Немцы хорошо изучили нашу партизанскую тактику и, если говорить честно, периодами они довольно удачно с нами сражались, устраивали засады.

В марте 1943 года наш отряд чуть полностью не погиб в немецкой засаде.

Мы возвращались из рейда и находились в районе населенного пункта Телеханы Брестской области. Отрядная разведка сработала плохо и не обнаружила по пути нашего следования немецкую засаду. Почти весь отряд очутился на большой поляне.

Слева впритык большое болото, а справа, в трехстах метрах – лес, откуда по нам внезапно открыли пулеметный и минометный огонь. Я был верхом на лошади, и вдруг лошадь присела на четвереньки, не повалилась на бок, а именно присела, оказалось, что у нее прострелены ноги. Отряд оказался в ловушке, кругом падали убитые и раненые. Рядом со мной упал на землю старый партизан из Старобина, у него пулеметной очередью были перебиты обе ноги, он кричал нам: «Пристрелите меня! Не оставляйте!»…

Отряд стал отходить в болото, но лед на болоте был хрупкий, ломкий, ноги проваливались в воду по колено, и мы еле добрались до островка в болоте, на котором нам пришлось просидеть целую неделю, питаясь кусочками полусырой конины, и только в конце марта, те, кто выжил, возвратились на свою постоянную базу.

Немцы постоянно усиливали полицейские гарнизоны, например, в Святой Воле, кроме гарнизона из трехсот полицейских, немцы разместили 200 своих опытных карателей. Этот поселок был превращен в мощный укрепленный пункт с ДЗОТами, системой траншей и ходов сообщений. Святую Волю несколько раз неудачно пытались атаковать разные партизанские отряды и однажды нашей бригаде поручили разгромить это логово. На рассвете все три отряда бригады ворвались в Святую Волю, атаковали ДЗОТы, мы уже продвинулись к центру посёлка и стали забрасывать гранатами засевших в домах немцев, как в нашем тылу появилась колонна автомашин с немецкой пехотой.

Командование отряда приказало прекратить преследовать и добивать остатки гарнизона Святой Воли, и мы организованно отошли в болота, так как путь в лес был уже перерезан и заблокирован немцами, И только через неделю отряды вышли из болота на свои постоянные места дислоцирования.

Г.К. – Немцы засылали в Ваш партизанский отряд свою агентуру?

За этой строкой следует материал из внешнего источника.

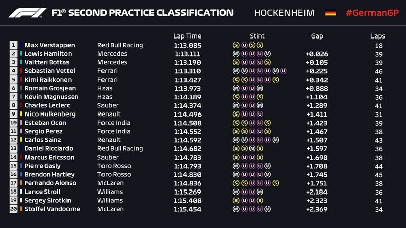 Miglior prestazione per Max Verstappen nella seconda sessione di prove libere del Gran Premio di Germania: 1'13"085 è il crono colto dall'olandese della Red Bull. Verstappen ha preceduto i due piloti della Mercedes, Lewis Hamilton e Valtteri Bottas, staccati di 26 millesimi e un decimo, rispettivamente. Verstappen, però, ha accusato un problema tecnico che l'ha indotto ad interrompere il lavoro in pista per una ventina di minuti. La prima delle Ferrari è quella dell'idolo di casa ad Hockenheim, Sebastian Vettel, quarto; segue il suo compagno di squadra, Kimi Raikkonen.
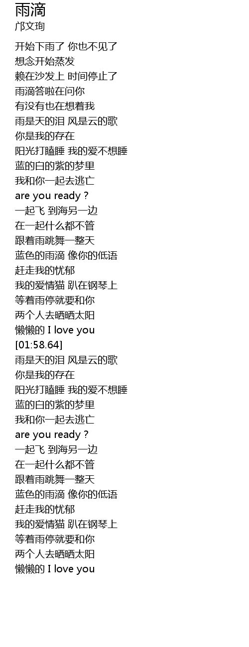 | [01:30.45] | děng zhe yǔ tíng jiù yào hé nǐ |

З.К. – В апреле 1943 года меня вместе с другим партизаном послали « в караул», на пост, находившийся на краю непроходимого болота, и пройти по болоту можно было только по выложенным жердочкам, а место, где были жердочки, знал только наш проверенный проводник. Я залег в окопе с ручным пулеметом, а моим напарником оказался восемнадцатилетний парень из Могилевской области, его приняли в отряд после того, как мы захватили вагон с людьми, угоняемыми на работу в Германию.

И вот возвращается по этим жердочкам с задания группа из двадцати человек, пароль – отзыв, все как полагается, группа прошла мимо нас, и тут мне напарник говорит: «Женя, интересно получается, то он полицай и его все боятся, а теперь он партизан, как мы?» – «О ком речь?» – «Только что прошел с группой, полицаем у нас был». Утром я, сменившись с поста, доложил об этом командиру отделения, а затем меня вызвал к себе отрядный «особист» и сказал: «Молодец, что доложил командиру отделения. Все подтвердилось, Этот тип действительно могилевский полицай, засланный к нам в отряд».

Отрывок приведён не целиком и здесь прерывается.